╭─ Data for this exercise

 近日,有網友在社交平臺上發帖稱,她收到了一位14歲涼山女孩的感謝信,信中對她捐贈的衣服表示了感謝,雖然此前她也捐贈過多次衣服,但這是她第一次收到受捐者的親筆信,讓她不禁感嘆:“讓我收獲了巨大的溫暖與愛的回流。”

╰─
╭─ Data for this exercise

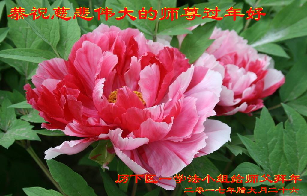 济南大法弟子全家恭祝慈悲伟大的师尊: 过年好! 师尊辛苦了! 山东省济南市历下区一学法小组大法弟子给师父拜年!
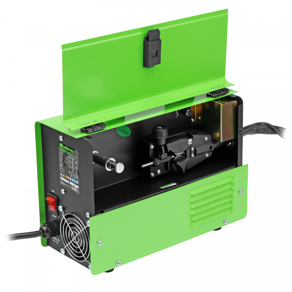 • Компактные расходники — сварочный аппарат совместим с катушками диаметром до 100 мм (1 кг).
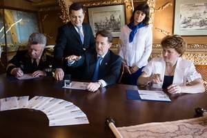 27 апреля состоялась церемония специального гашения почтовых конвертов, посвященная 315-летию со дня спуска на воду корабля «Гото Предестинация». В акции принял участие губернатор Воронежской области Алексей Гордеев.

╰─

Problem description:
Write down exactly what the lines above say, from the line holding "济南大法弟子全家恭祝慈悲伟大的师尊: 过年好! 师尊辛苦了!" through the line holding "27 апреля состоялась", and nothing more. Do not copy the pictures.

Answer box:
 济南大法弟子全家恭祝慈悲伟大的师尊: 过年好! 师尊辛苦了! 山东省济南市历下区一学法小组大法弟子给师父拜年!
 • Компактные расходники — сварочный аппарат совместим с катушками диаметром до 100 мм (1 кг).
 27 апреля состоялась церемония специального гашения почтовых конвертов, посвященная 315-летию со дня спуска на воду корабля «Гото Предестинация». В акции принял участие губернатор Воронежской области Алексей Гордеев.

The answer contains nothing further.